Entonces, ¿quiere decir que

Chen Sheng ha matado a toda la Gente Celestial de los otros lugares en tan poco tiempo?

¿Pero qué cojones?

¿Acaso es humano?

Con el paso del tiempo,

la conmoción que Chen Sheng le había provocado a Li Wuji no disminuyó, sino que se hizo aún más intensa.

Incluso empezó a dudar de si Chen Sheng era realmente un ser humano.

O,

que, al igual que el Demonio Supremo, su oponente no fuese una criatura perteneciente a este planeta.
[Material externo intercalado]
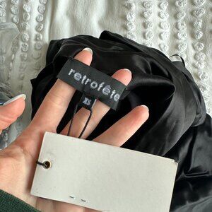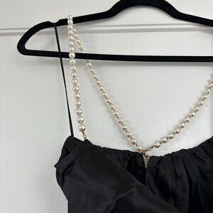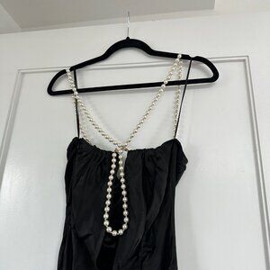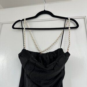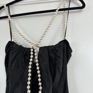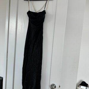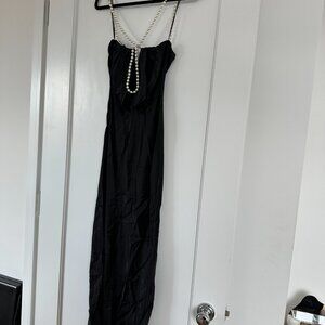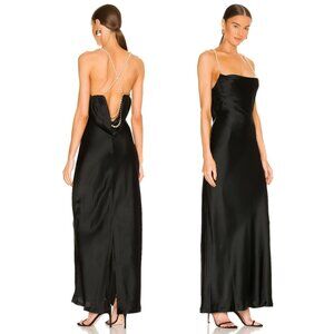 NWT Retrofête Electra Sexy Black Long Dress Pearl Straps Cowl Neckline Low Back

Li Wuji sopesaba esa posibilidad.

Eso también explicaría por qué una existencia como el Demonio Supremo, que trasciende el tiempo y el espacio, se habría fijado en Chen Sheng.

También explicaría por qué la fuerza de Chen Sheng podía aumentar a una velocidad que desafiaba al cielo.

Sin embargo…

Tras una serie de pensamientos caóticos, Li Wuji negó con la cabeza y desechó todas esas ideas.

Tal y como le había dicho a Chen Sheng antes.

Dieran igual los secretos que guardara,

mientras estuviera del lado de los humanos,

él también estaría firmemente de su lado, brindándole toda la ayuda posible.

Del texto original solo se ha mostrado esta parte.